Da una lettera di Napoleone III al generale Fleury


«Un Paese strutturato economicamente sulle sue dimensioni. Essendo, a quel tempo, gli scambi con l’estero facilitati dal fatto che nel settore delle produzioni mediterranee il Paese meridionale era il più avanzato al mondo, saggiamente i Borbone avevano scelto di trarre tutto il profitto possibile dai doni elargiti dalla natura e di proteggere la manifattura dalla concorrenza straniera. Il consistente surplus della bilancia commerciale permetteva il finanziamento d’industrie, le quali erano sufficientemente grandi e diffuse, sebbene ancora non perfette e con una capacità di proiettarsi sul mercato internazionale limitata, come, d’altra parte, tutta l’industria italiana del tempo… Il Paese era pago di sé, alieno da ogni forma di espansionismo territoriale e coloniale. La sua evoluzione economica era lenta, ma sicura. Chi reggeva lo Stato era contrario alle scommesse politiche e preferiva misurare la crescita in relazione all’occupazione delle classi popolari. Nel sistema napoletano la borghesia degli affari non era la classe egemone, a cui gli interessi generali erano ottusamente sacrificati, come nel Regno sardo, ma era una classe al servizio dell’economia nazionale».

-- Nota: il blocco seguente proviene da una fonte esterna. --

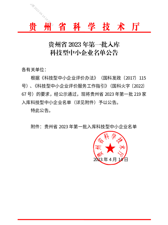 貴州省2023年第1批入庫科技型中小企業名單公告正文.jpg PICTURE
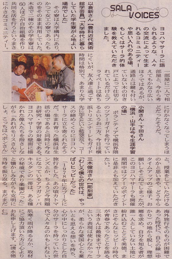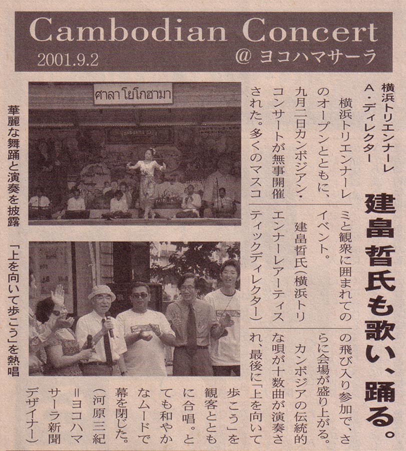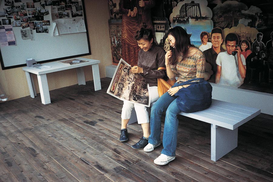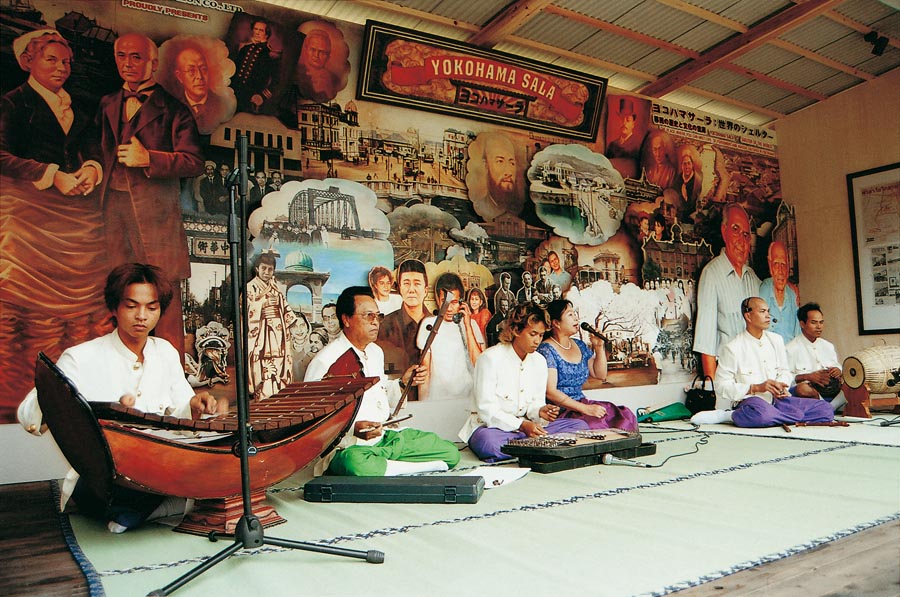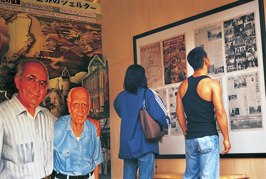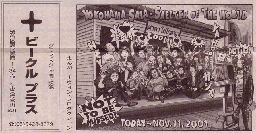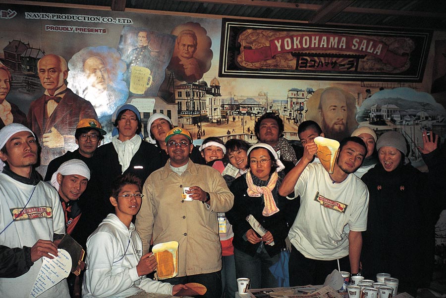 With Yokohama historically Japan’s first international port, the area has a strong foreign influence, which Navin Rawanchaikul responded to from the position of a foreigner living in Japan. A Thai sala, or open-sided pavilion, was imported to Yokohama to serve as an imaginative train station, the Yokohama Sala. A platform along an old disused railway track in a downtown public park was open 24-hours a day during the three-month long 2001, 1st Yokohama Triennale. Inside the sala was a cinema style billboard painting pertaining to the history of foreign influence in Yokohama, beginning with the 19th century American naval Commodore Perry. Navin and his band of collaborators, which ranged from art professionals to students and NGOs, interviewed foreigners living there today and published the stories alongside local history, sport, music, food, and comics, in a series of five custom-made free Yokohama Sala newspaper. Intended as a space for creativity but also a place to rest, the Yokohama Sala hosted special events including traditional music from a Yokohama-based Cambodian band and a samba drum performance by a local youth club.
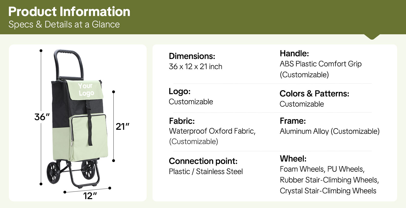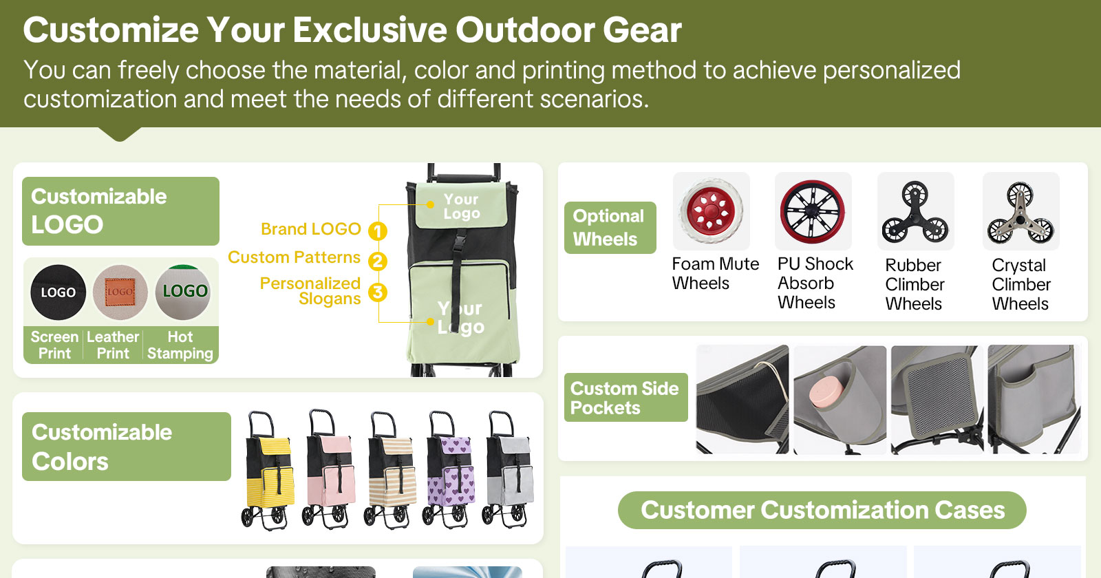 For businesses and brands, the cart offers custom logo printing through silk screen, heat transfer, or embroidery, making it ideal for corporate gifts, promotional giveaways, or private-label resale.
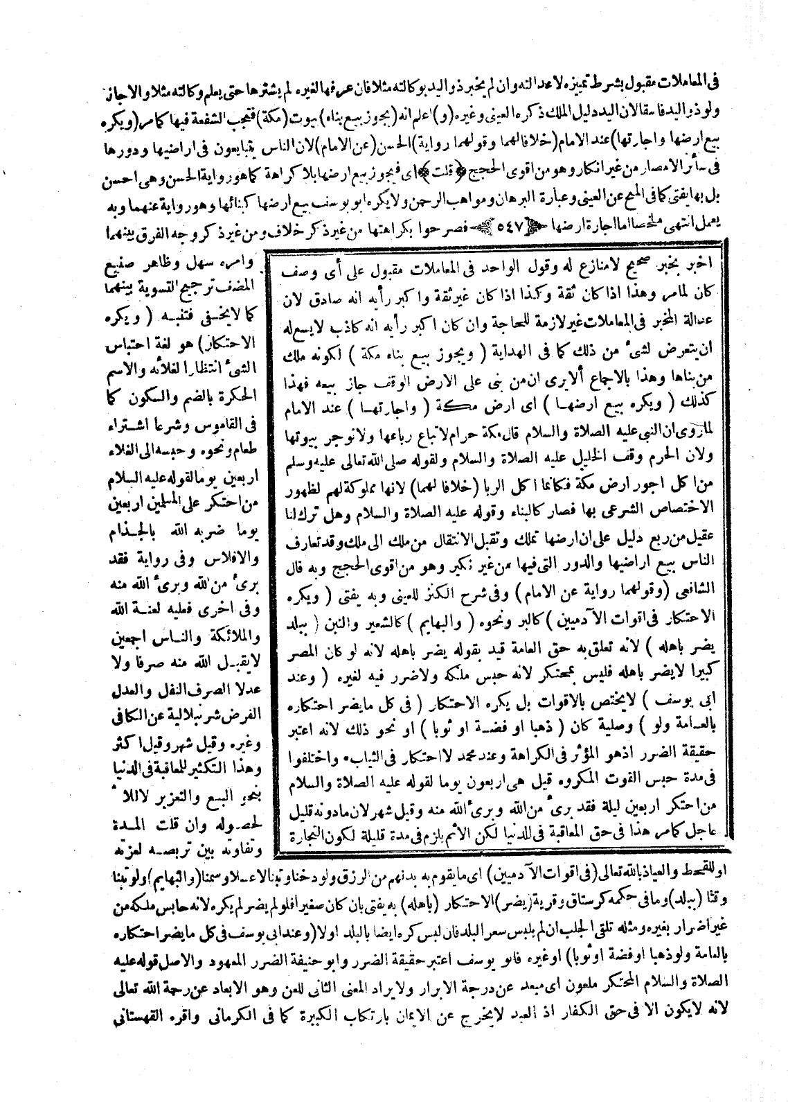 (وَيُكْرَهُ الِاحْتِكَارُ فِي أَقْوَاتِ الْآدَمِيِّينَ) كَالْبُرِّ وَنَحْوِهِ (وَالْبَهَائِمِ) كَالشَّعِيرِ وَالتِّبْنِ (بِبَلَدٍ يَضُرُّ بِأَهْلِهِ) لِأَنَّهُ تَعَلَّقَ بِهِ حَقُّ الْعَامَّةِ قَيَّدَ بِقَوْلِهِ يَضُرُّ بِأَهْلِهِ؛ لِأَنَّهُ لَوْ كَانَ الْمِصْرُ كَبِيرًا لَا يَضُرُّ بِأَهْلِهِ فَلَيْسَ بِمُحْتَكَرٍ لِأَنَّهُ حَبَسَ مِلْكَهُ وَلَا ضَرَرَ فِيهِ لِغَيْرِهِ (وَعِنْدَ أَبِي يُوسُفَ) لَا يَخْتَصُّ بِالْأَقْوَاتِ بَلْ يُكْرَهُ الِاحْتِكَارُ (فِي كُلِّ مَا يَضُرُّ احْتِكَارُهُ بِالْعَامَّةِ وَلَوْ) وَصْلِيَّةٌ كَانَ (ذَهَبًا أَوْ فِضَّةً أَوْ ثَوْبًا) أَوْ نَحْوَ ذَلِكَ؛ لِأَنَّهُ اعْتَبَرَ حَقِيقَةَ الضَّرَرِ إذْ هُوَ الْمُؤَثِّرُ فِي الْكَرَاهَةِ وَعِنْدَ مُحَمَّدٍ لَا احْتِكَارَ فِي الثِّيَابِ.
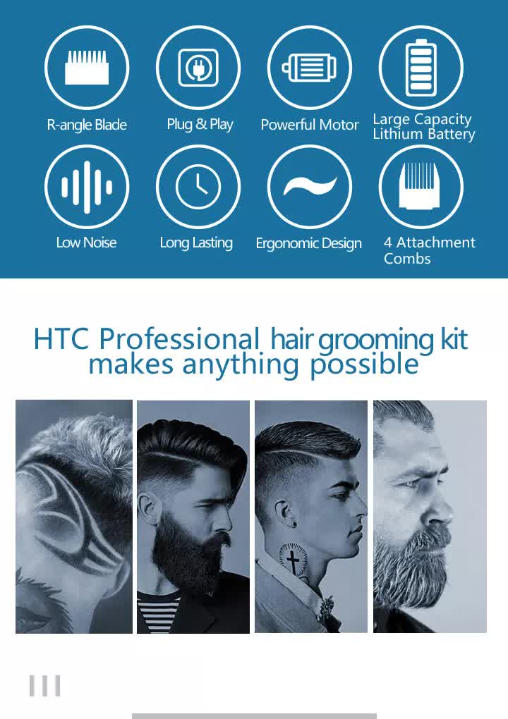 Product details of HTC AT-1322 Professional Clipper Trimmer Shaver 3 in 1 mens grooming care kit Rechargeable hair clipper Hair Trimmer
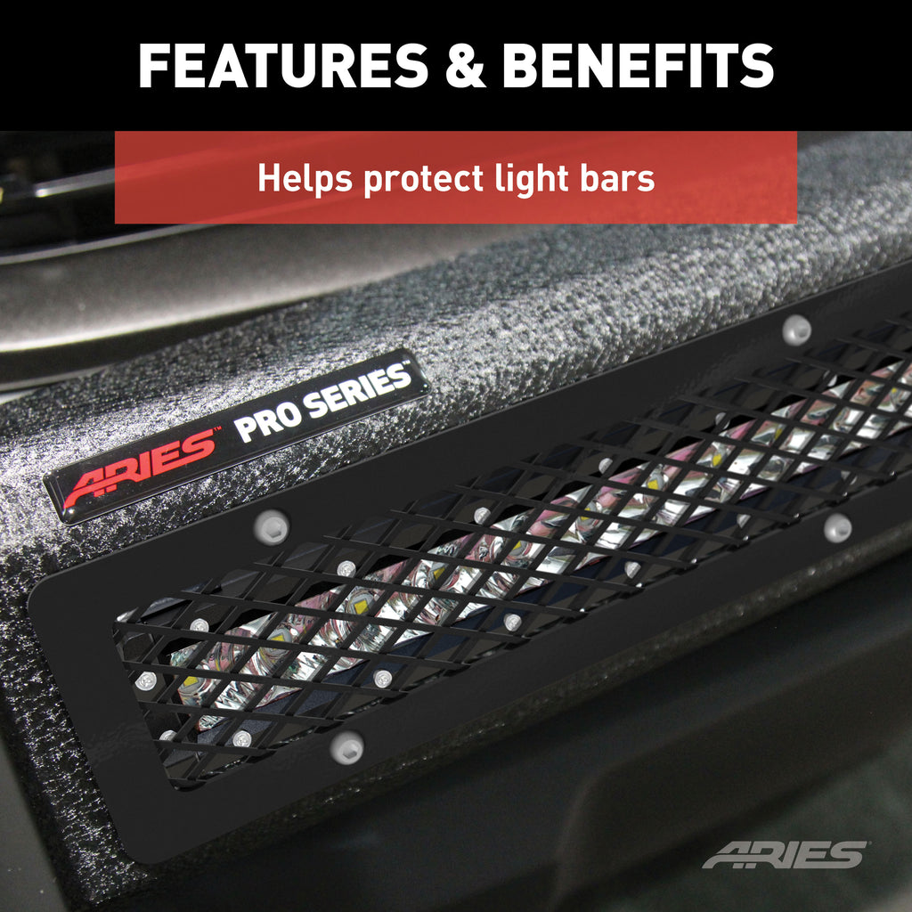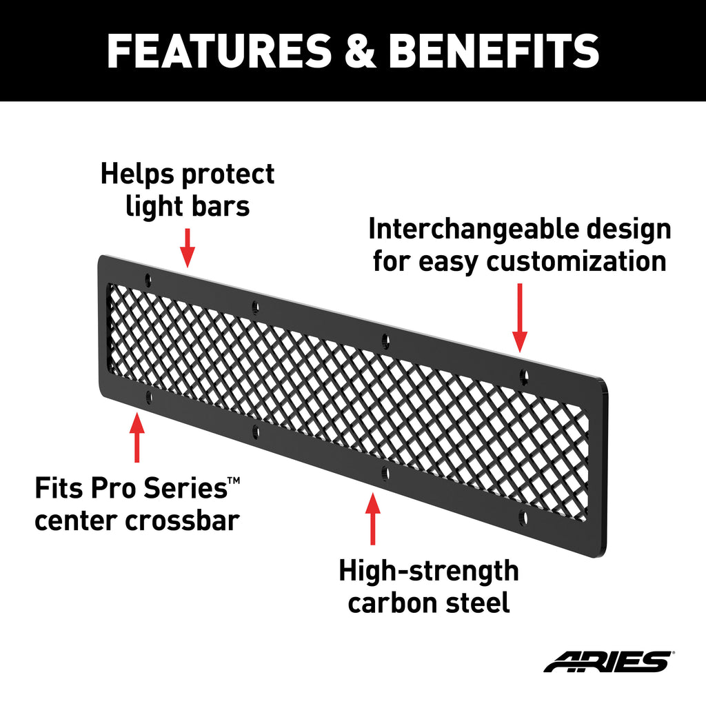 The ARIES Pro Series grille guard is unlike any other grille guard or brush guard on the road today because of its patented center crossbar. The unique crossbar is able to house a single-row LED light bar, allowing you to truly set your 4x4 apart from all others. To further stylize your Jeep Wrangler, the Pro Series grille guard can also accept this interchangeable grille guard cover plate. It easily bolts on and provides added security for your aftermarket lights and a customized look for your front end. We offer a total of four cover plate options for the Jeep Wrangler with two different styles and three different finishes to choose from, allowing you to find the look that best complements your vehicle. This black mesh cover plate (#PJ20MB) is included standard with each Pro Series grille guard.

Da L’unità d’Italia, nascita di una colonia, di Nicola Zitara


«Ferdinando II volle strade, volle porti, volle bonifiche, ospizi e banche; poco sopportava una borghesia saccente e rapace (...) quella delle professioni e degli studi, “pennaruli e pagliette” (...) legati a filo doppio allo straniero per sole ragioni ideologiche che il Re, come re, non capiva; e l’avida schiera dei proprietari terrieri».

Da La conquista del Sud. Il Risorgimento nell’Italia meridionale, di Carlo Alianello


«In breve dal ‘52 al ‘56, che sono solo quattro anni, furono costruite 76 strade nuove, di conto regio, provinciale e comunale. Moltissimi i ponti, e fra tutti il ponte sul Garigliano, sospeso a catene di ferro, che fu il primo di questa foggia in Italia, e tra i primissimi in Europa. Eppoi le bonifiche, l’inalveazione del fiume Pelino, la colmata dei pantani del lago di Salpi, la bonifica delle paludi campane (...). In 30 anni, la marina a vela raddoppiata, la marina a vapore creata dal nulla (...). E le scuole, i collegi nautici, le industrie (...)».

F. Durelli

 

«Lei ha usato l’espressione “guerra del brigantaggio”... Ma non sarebbe ormai ora di abolire il termine... sostituendolo con “imponente sollevazione contadina”?... I 100.000 morti (almeno) che quella guerra provocò (oltre metà sicuramente tra la popolazione civile) meritano, a mio avviso, la cancellazione definitiva del termine “brigantaggio” e delle bugie ad esso collegate».

Fulvio Capezzuoli


Caro Capezzuoli, la parola “brigantaggio”, con cui il governo italiano definì il conflitto che sconvolse alcune province del Sud, soprattutto fra il 1861 e il 1865, fu certamente partigiana. Rifletteva la sorpresa, la rabbia e l’indignazione dei piemontesi di fronte a una società arcaica, permeata da costumi e tradizioni che apparivano primitivi e incomprensibili. Vi fu ferocia da ambo le parti e vi fu soprattutto una pressoché totale incomunicabilità. Un più attento esame del fenomeno avrebbe forse permesso ai “torinesi” di capire che i “briganti’” erano troppi per essere soltanto pericolosi fuorilegge. Ma lo Stato appena costituito era considerato con diffidenza, se non peggio, da alcuni Paesi europei, e il governo aveva fretta di terminare la conquista del Sud... Il giudizio cominciò a cambiare dopo la seconda guerra mondiale, quando alcuni studiosi di sinistra vollero vedere in quel fenomeno (nello spirito delle teorie di Hobsbawm) una anticipazione “primitiva” delle lotte popolari del XX secolo. Sopraggiunse poi, con le nostalgie borboniche degli ultimi decenni, il mito del Sud prospero, felice, ben governato e progredito di cui i piemontesi si sarebbero brutalmente impadroniti. E alla fine di questo percorso revisionista la ”guerra del brigantaggio” divenne l’equivalente italiano di un altro conflitto che si combatteva negli stessi anni al di là dell’Atlantico: la guerra civile americana. In realtà si trattò soprattutto di una grande “jacquerie”...».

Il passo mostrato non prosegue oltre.